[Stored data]
────────

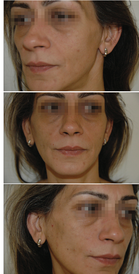
FIGURE 5: 42 year-old woman 3 years after a superficial parotidectomy for a benign tumor of the parotid gland with immediate reconstruction by an autologous fat graft (13 mL). After that procedure, the result remained very good on the aesthetic point of view until a weight loss of 17 kg leading to a partial atrophy of the fat graft and to a clinical preauricular defect. There is no Frey's syndrome as objectivated by a Minor's starch-iodine test.
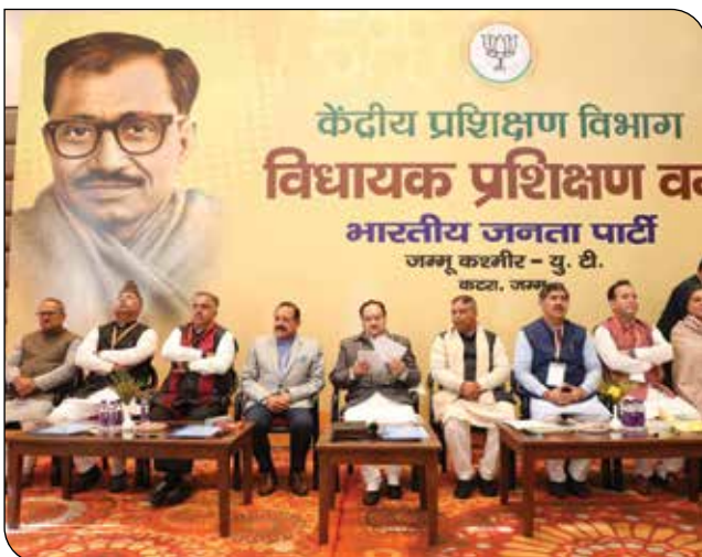
BJP National President & Union Minister Shri JP Nadda at the MLA's training camp of Jammu & Kashmir in Katra on 01 March 2025
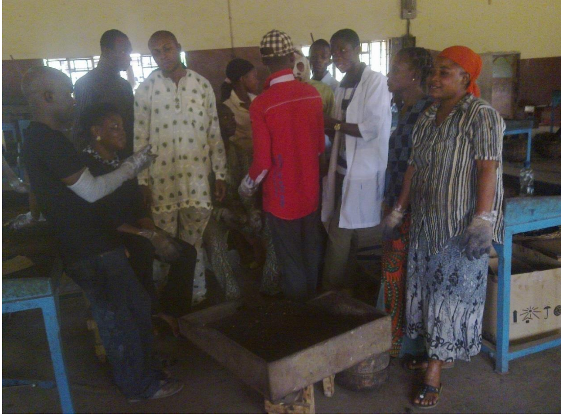
Plate 8: Data collection from the 14 ‘key’ workers on production Dynamics of the processing industry, using Focus Group Discussion
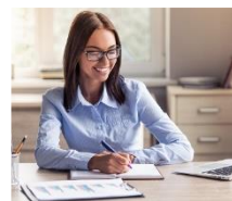
Writing for Business
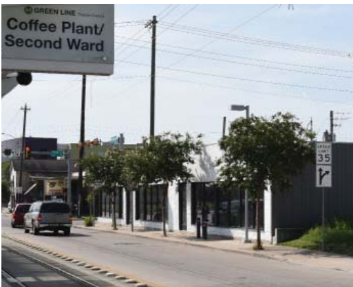
EXTERIOR VIEW | View along Harrisburg Blvd
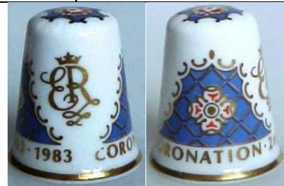
30th anniversary of Queen Elizabeth's Coronation 2nd June 1953-1983 apex 6
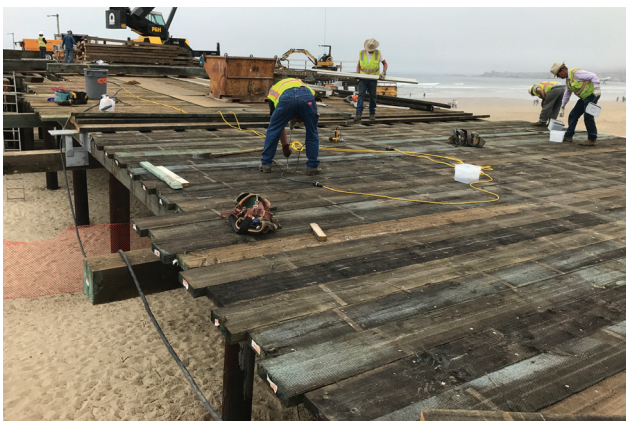
Docks, Pier's, Boardwalks, Jetty and Wharf construction
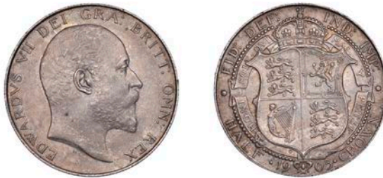
237 Halfcrown, 1905 (ESC 3571 [750]; S 3980). A few tiny surface and rim marks, otherwise virtually mint state, lightly toned, very rare £8,000-£10,000
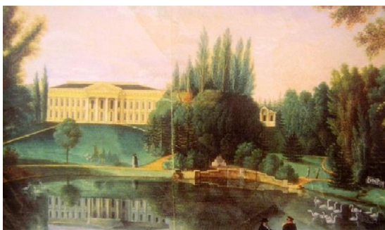
Fig. 6. Park. Watercolor. Early 19-th century.
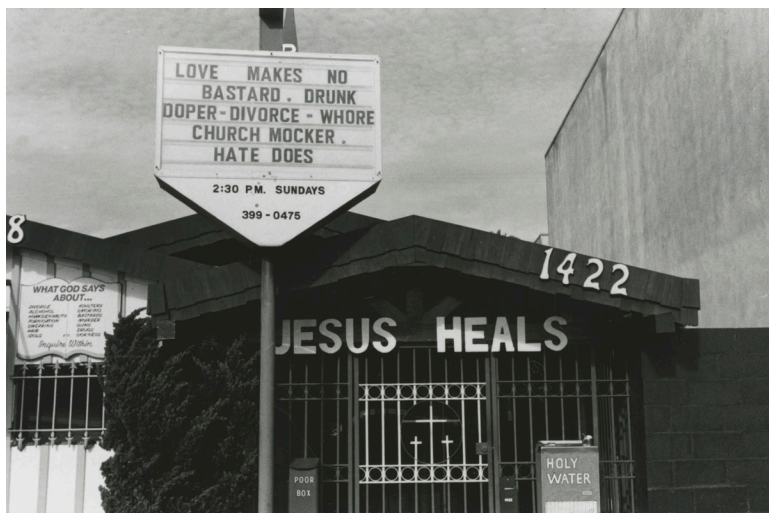
Nathan Lyons, from the sequence Riding 1st Class on the Titanic, 1974-1999.
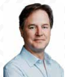
Sir Nicholas Clegg , President, Meta (formerly Facebook) & fmr Dep. Prime Minister of the UK
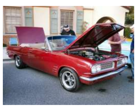
Some of the Firebirds and Camaros.
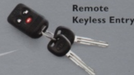
Remote Keyless Entry

The ability to accessorize our cars is what separates us from the water buffalo.
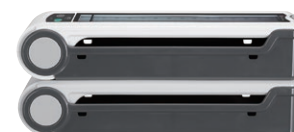
Flat base for stacking multiple units
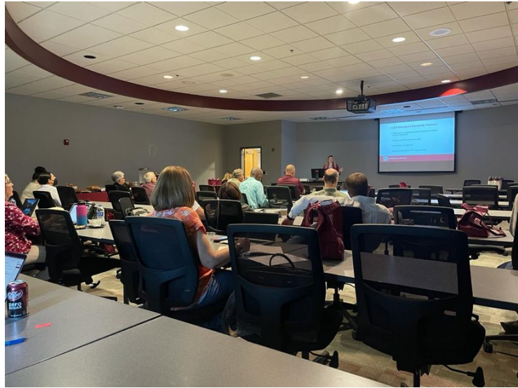
Dean's Retreat on 07/25/2022

In the last week of July, we had the ACES College Leadership Retreat. In this retreat there was the opportunity to listen to advances and goals of the college to move forward and learn about progress in academics, research and extension. An update from the dean is that leadership will be involved in various activities.
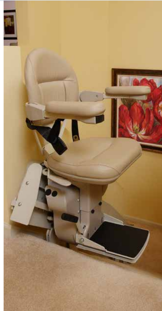
Luxury styling and comfort.

“Green Bay Packers Hall of Fame Quarterback”
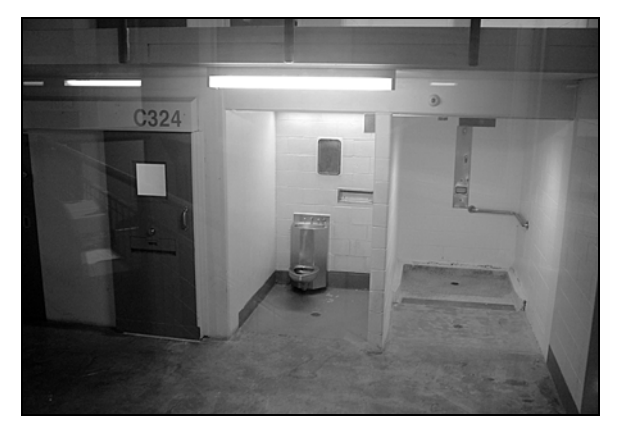
In many of the detention centers and jails, asylum seekers and other immigrant detainees have little or no privacy.

percent from fiscal year 2003 through fiscal year 2007, with the most growth occurring since 2005.62
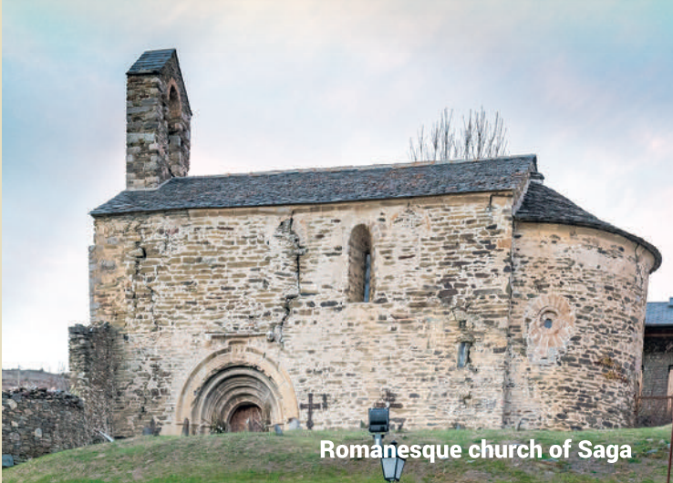
Romanesque church of Saga

In spring or in summer, tourists have the chance to visit us and enjoy our festival events, such as the one in Saga, which takes place in mid-May; or the festival in Gréixer, which occurs at the beginning of June. The biggest festival event is in Ger. It is known as the Patron Saint Festival of Roser de Ger. It takes place in September, and it lasts for four days in order to say goodbye to the festive season.
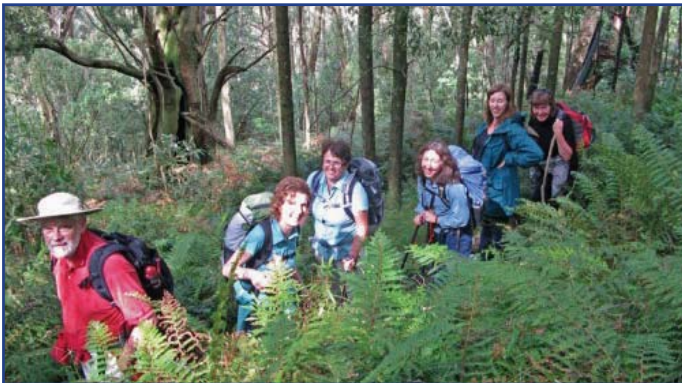
Mt Macedon circuit walk, Sunday 6 February.
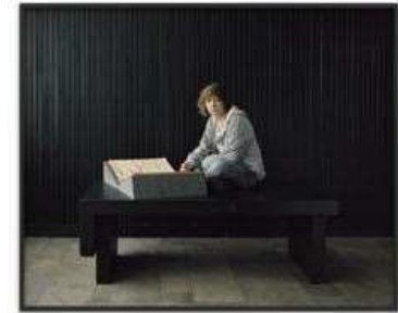
Sharon Lockhart Ola, "TODAY IN POLITICS," Our Review no. 167 (8863) , June 16, 1939, National Library of Poland, Warsaw, February 3, 2017, 2017 framed chromogenic print 63 1/2 x 79 in. (161.29 x 200.66 cm) The Broad Art Foundation
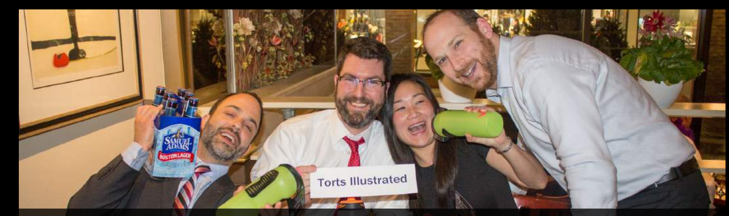
"Torts Illustrated" from Dutton Brock LLP took home the Trivia Challenge Cup for 2016!
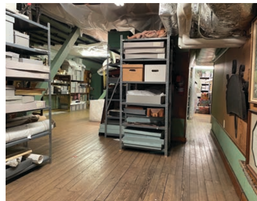
Phase One of the Artifact Relocation project at Arms Family Museum campus resulted in quite a bit of open floor space in the attic of Arms Family Museum.

As noted elsewhere in this edition of Historical Happenings, MVHS members will have their first opportunity to see the interior of the IBM Building, including the developing collections storage center on the third floor, during the Annual Membership Meeting on Tuesday, June 25, 2024. The meeting will include dinner, the election of Board members, and progress reports on programs and institutional priorities. Following the business meeting, recipients of the 2024 Historic Preservation Awards will be honored.
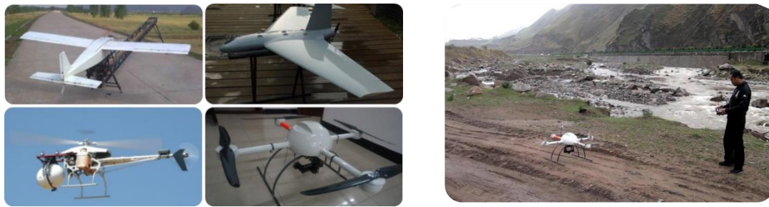
Figure 1 Map of collection data by UAV
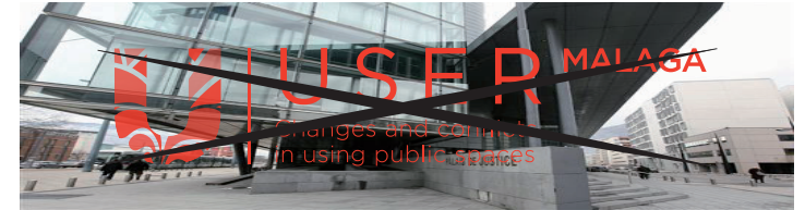
Use the right version on backgrounds
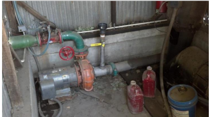
Pump and butterfly valve inside pumphouse on WS berm.
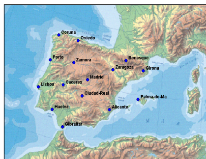
Figure 4. EGNOS virtual reference stations provided by BKG
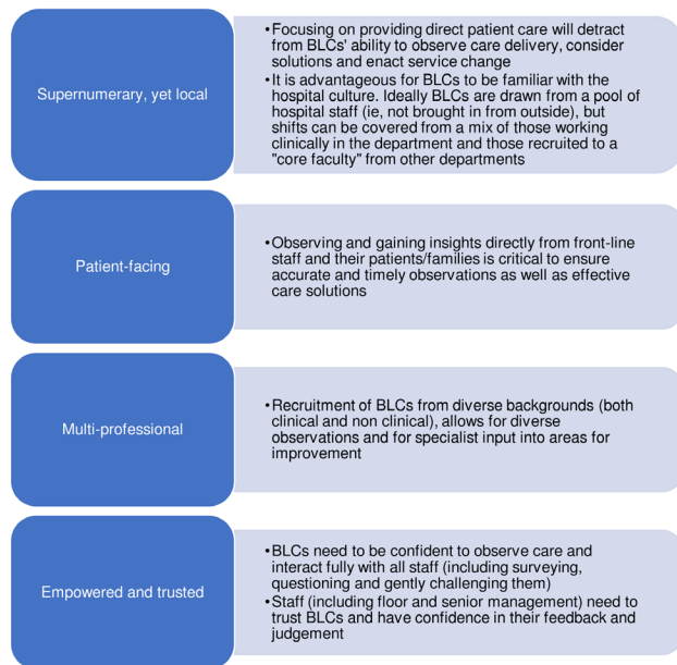
Figure 2 Maximising the value of the Bedside Learning Coordinator (BLC) role. Alongside operating within a broader learning system, we suggest that the above components are likely to be needed to get the full value from the BLC role.
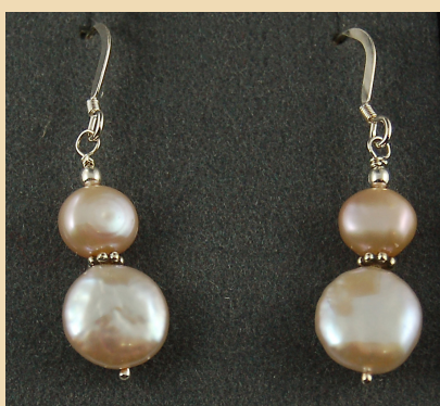
PE8 Natural Pink coin Pearls and Sterling Silver £38
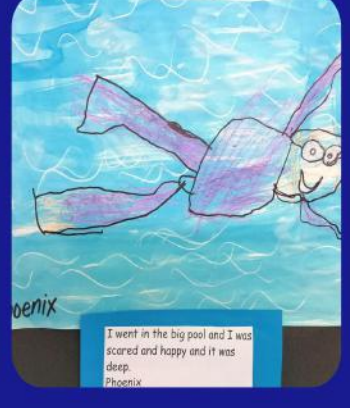
Phoenix I went in the big pool and I was scared and happy and it was deep. Phoenix
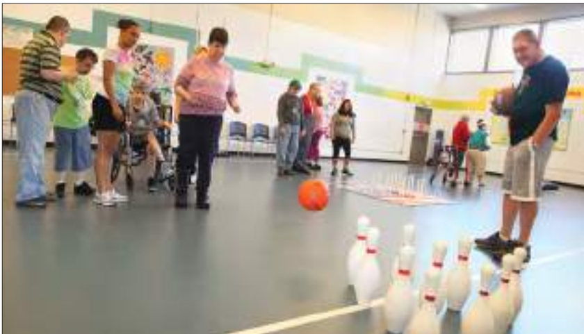
Recreational activities at Maryland Line.

Respite: Families providing primary care for loved ones with intellectual disabilities inevitably encounter situations where a family must be separated for brief periods. Penn-Mar's Respite Program provides adults and children with intellectual disabilities with a place to stay on such occasions and family members with peace of mind knowing their children are in good hands.
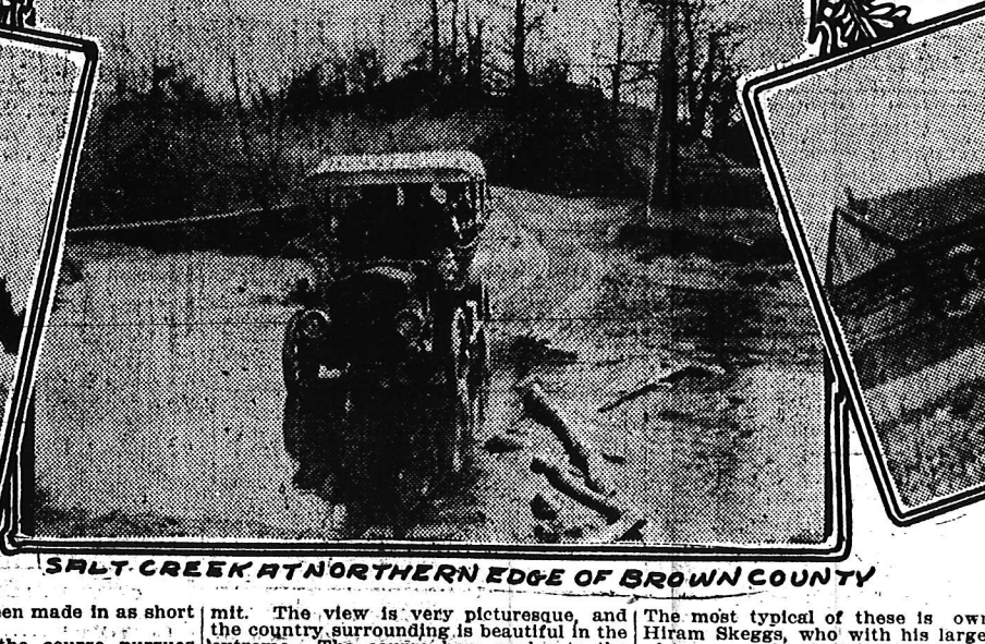
SALT CREEK AT NORTHERN EDGE OF BROWN COUNTY
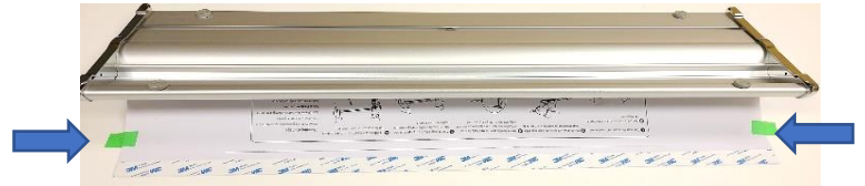
Place the hardware upside down and secure the paper with masking tape
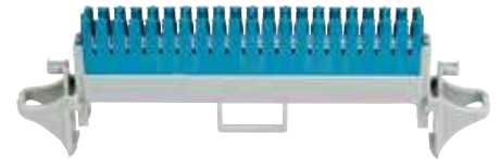
3M™ Switching Module STG2 O2
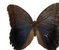
Caligo eurilochus eurilochus ♂
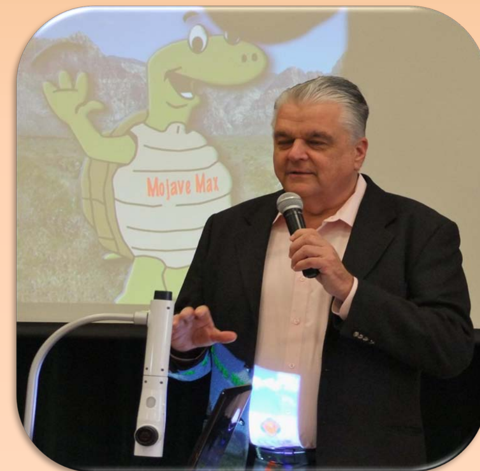
Figure 2 Commissioner Sisolak addresses the students at Hummel Elementary School
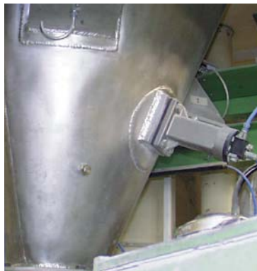
Cleaning bunker walls
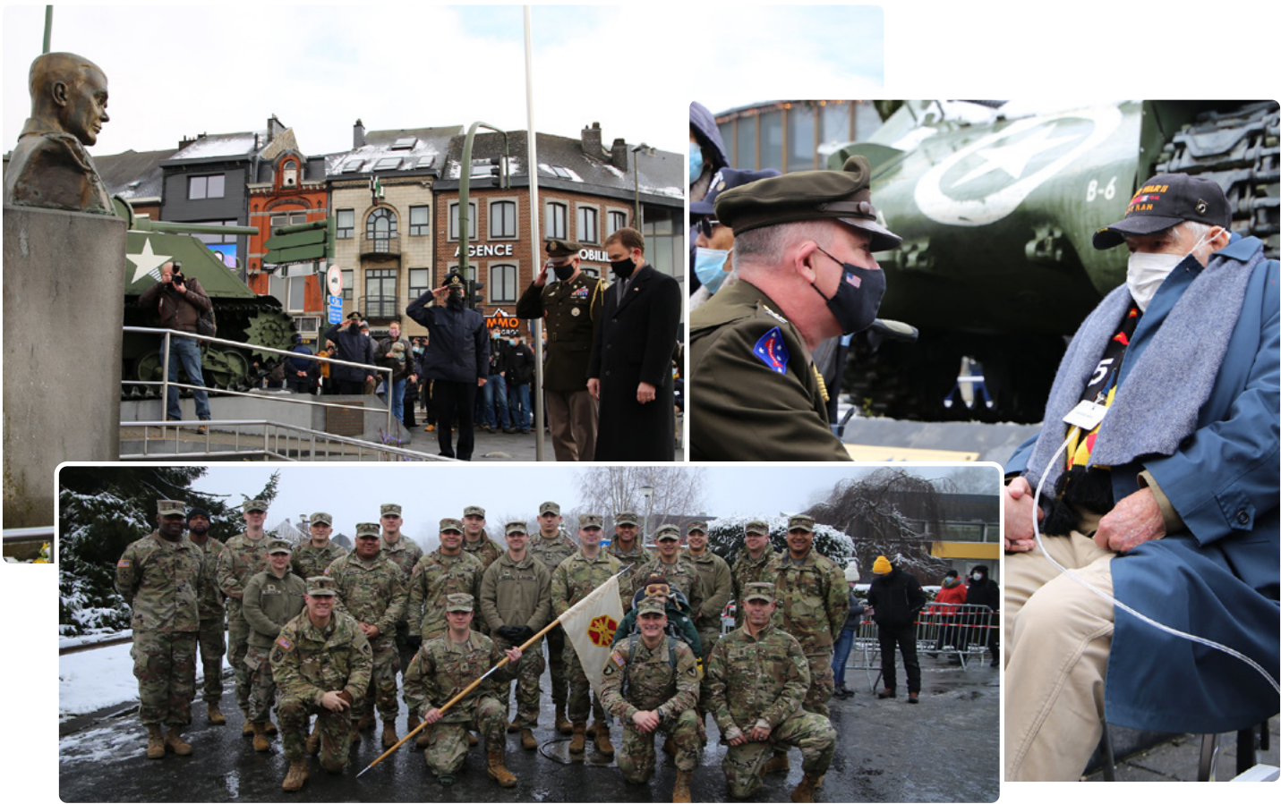
U.S. Army Garrison Benelux takes part in the 77th Anniversary of the Battle of the Bulge in Bastogne, Belgium on Dec. 10-11, 2021.
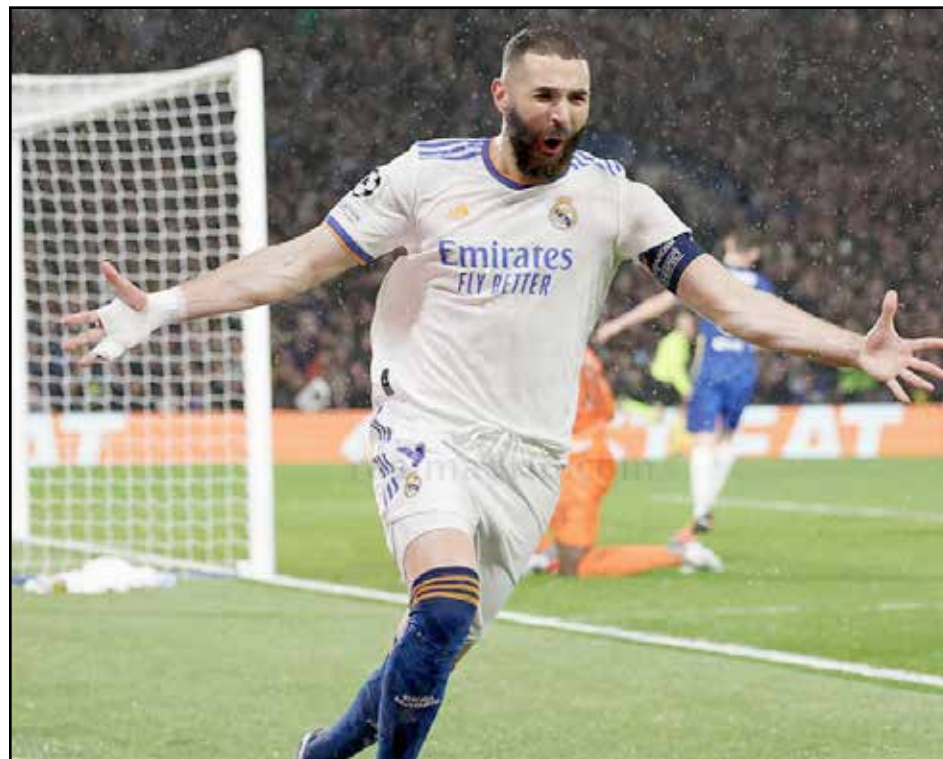
BIG BEN STRIKES: Karim Benzema's superb show on Wednesday night underlined his late career resurgence
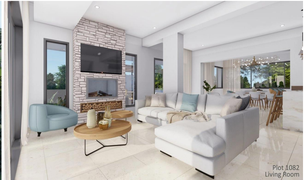
Plot 1082 Living Room

────────

TASK TO CARRY OUT |
Return the lines above from the one with "Use the right version on backgrounds" through the one with "Figure 4. EGNOS", verbatim and nothing else. Omit every picture.

THE COMPLETED TASK |
Use the right version on backgrounds
Pump and butterfly valve inside pumphouse on WS berm.
Figure 4. EGNOS virtual reference stations provided by BKG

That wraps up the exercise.